# [Assigned task]
Nothing in the data should change when you return it, but leave the pictures out.

# [Provided data]

BEGIN

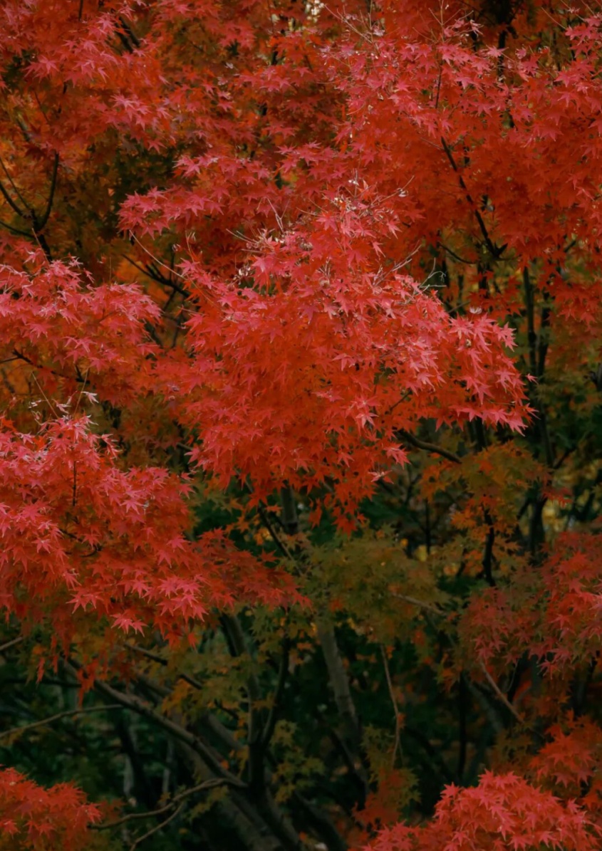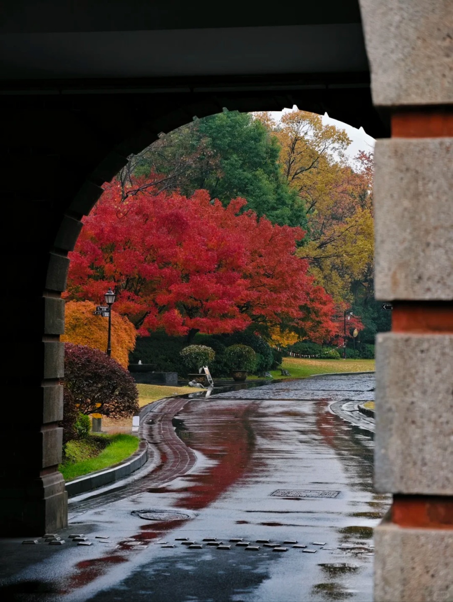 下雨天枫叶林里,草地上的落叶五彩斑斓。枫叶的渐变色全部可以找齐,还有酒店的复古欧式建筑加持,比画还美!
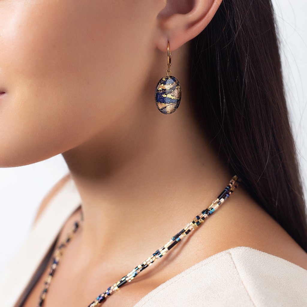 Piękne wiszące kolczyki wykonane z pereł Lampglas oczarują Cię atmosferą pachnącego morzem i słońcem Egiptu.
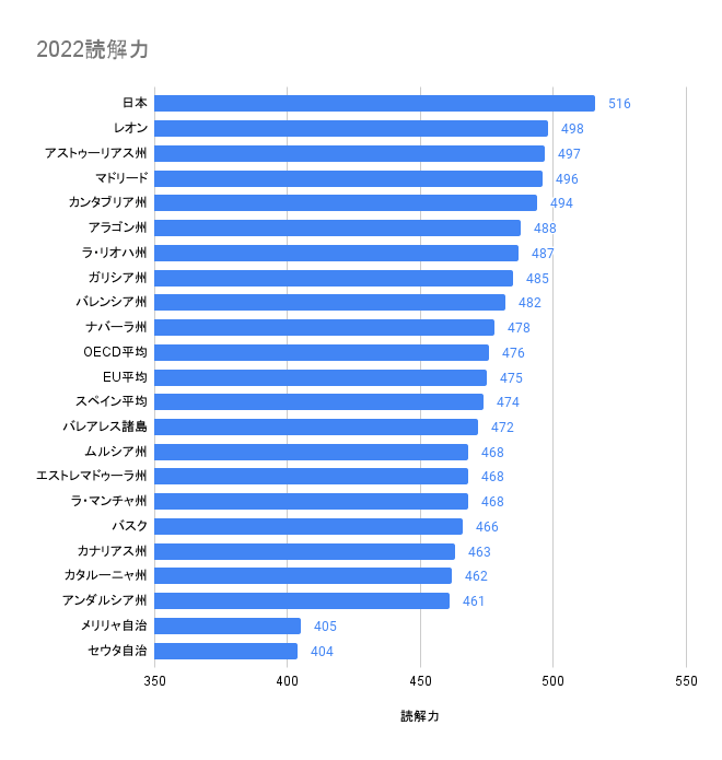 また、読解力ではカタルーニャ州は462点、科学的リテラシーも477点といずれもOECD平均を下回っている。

END

# [Result for this exercise]
 下雨天枫叶林里,草地上的落叶五彩斑斓。枫叶的渐变色全部可以找齐,还有酒店的复古欧式建筑加持,比画还美!
 Piękne wiszące kolczyki wykonane z pereł Lampglas oczarują Cię atmosferą pachnącego morzem i słońcem Egiptu.
 また、読解力ではカタルーニャ州は462点、科学的リテラシーも477点といずれもOECD平均を下回っている。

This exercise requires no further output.